=== Section Start ===

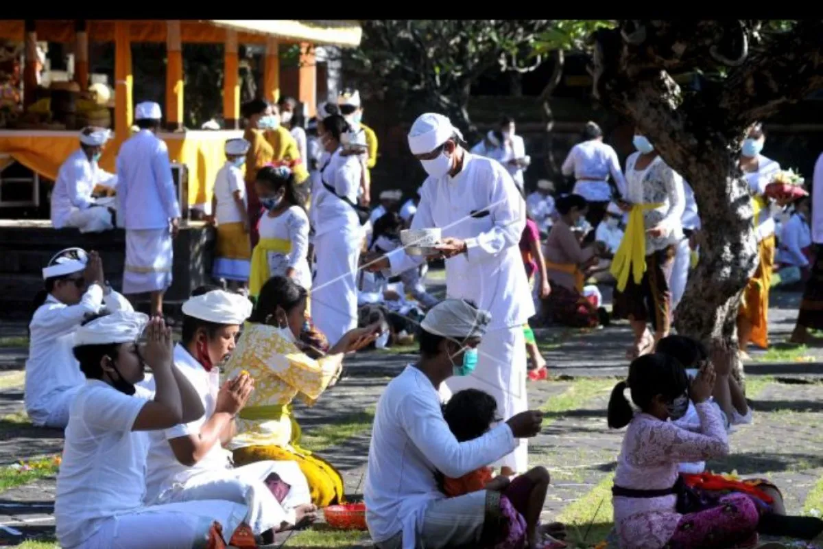 Pemuka agama Hindu memercikkan air suci saat persembahyangan Hari Raya Galungan di Pura Jagatnatha, Denpasar, Bali, Rabu (14/4/2021). Perayaan Hari Raya Galungan yang merupakan hari kemenangan kebenaran (Dharma) atas kejahatan (Adharma) itu diikuti umat Hindu di Bali dengan menerapkan protokol kesehatan untuk mencegah penyebaran pandemi COVID-19. ANTARA FOTO/Fikri Yusuf/nym.
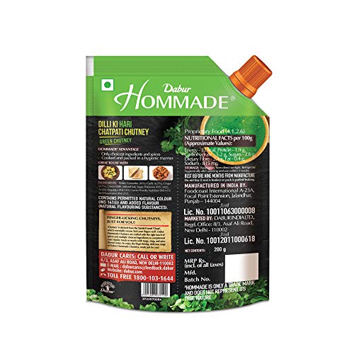 Dabur Hommade Dilli ki Hari Chatpati Chutney is crafted with the right touch of spices and multiple choiciest ingredients to complement your regular meals or snacks with tangy zingy and spicy flavour notes.It is the perfect accompaniment to your chaat samosas biryanis paranthas any more snack items. So enjoy the finger lickin delicious range of Dabur Hommade Chutneys made just for you !
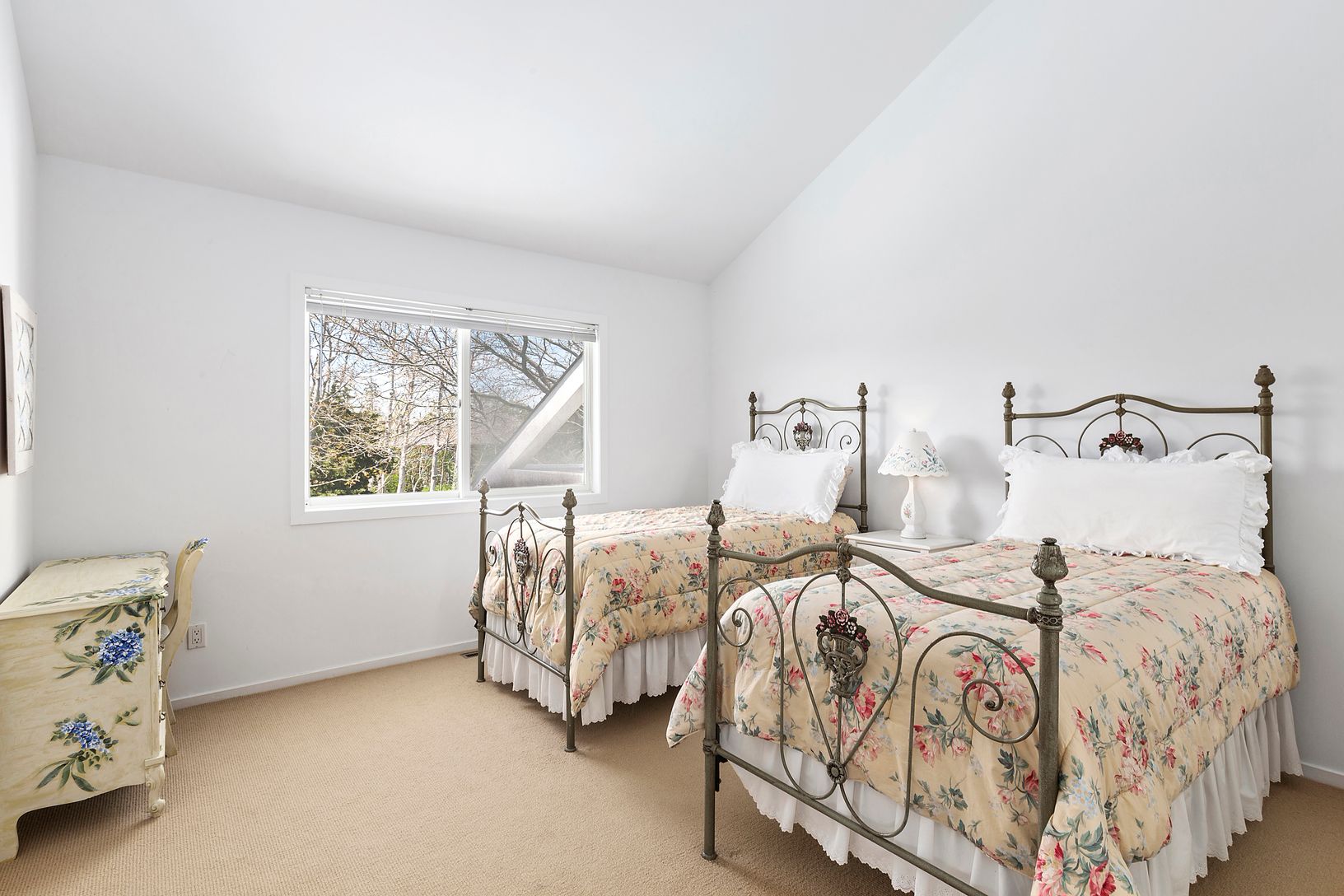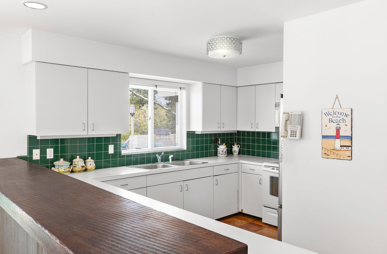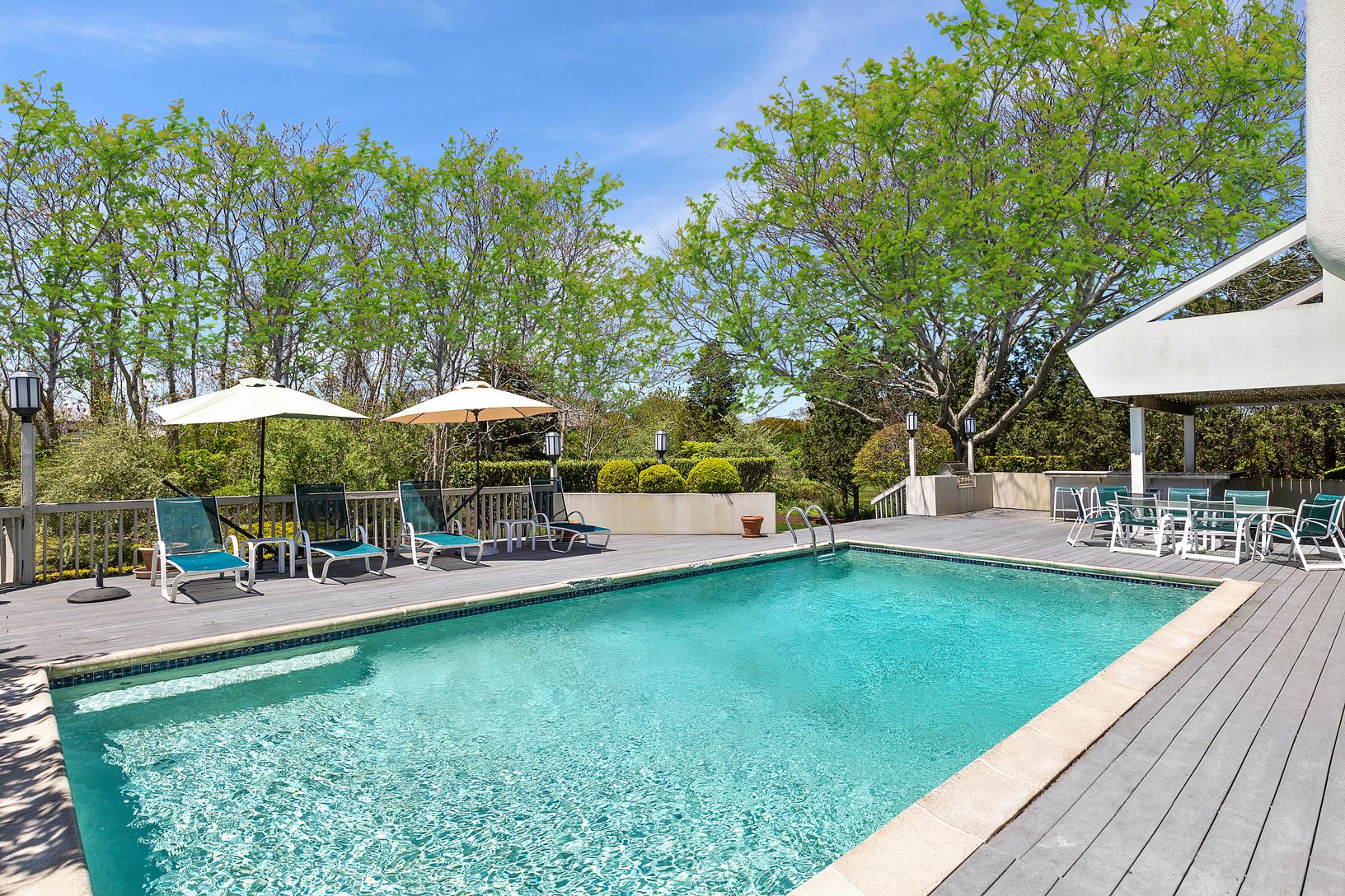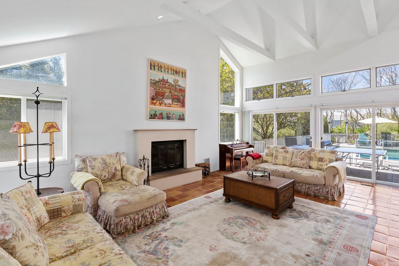 Located in the heart of Westhampton Beach Village, just one block south of Main Street on a quiet cul-de-sac, sits this 3400 sq foot two-story contemporary home. The one-acre property is lush with beautiful landscaping, including a koi pond, and an expansive lawn. The light filled living room with cathedral ceilings includes a wood burning fireplace and sliding doors that lead to decks on both sides of the room. The dining room opens to the ki

=== Section End ===

## EXERCISE PROMPT
Return the listing above in full and unaltered. Keep the pictures out.

## ANSWER TO THIS PROBLEM
 Pemuka agama Hindu memercikkan air suci saat persembahyangan Hari Raya Galungan di Pura Jagatnatha, Denpasar, Bali, Rabu (14/4/2021). Perayaan Hari Raya Galungan yang merupakan hari kemenangan kebenaran (Dharma) atas kejahatan (Adharma) itu diikuti umat Hindu di Bali dengan menerapkan protokol kesehatan untuk mencegah penyebaran pandemi COVID-19. ANTARA FOTO/Fikri Yusuf/nym.
 Dabur Hommade Dilli ki Hari Chatpati Chutney is crafted with the right touch of spices and multiple choiciest ingredients to complement your regular meals or snacks with tangy zingy and spicy flavour notes.It is the perfect accompaniment to your chaat samosas biryanis paranthas any more snack items. So enjoy the finger lickin delicious range of Dabur Hommade Chutneys made just for you !
 Located in the heart of Westhampton Beach Village, just one block south of Main Street on a quiet cul-de-sac, sits this 3400 sq foot two-story contemporary home. The one-acre property is lush with beautiful landscaping, including a koi pond, and an expansive lawn. The light filled living room with cathedral ceilings includes a wood burning fireplace and sliding doors that lead to decks on both sides of the room. The dining room opens to the ki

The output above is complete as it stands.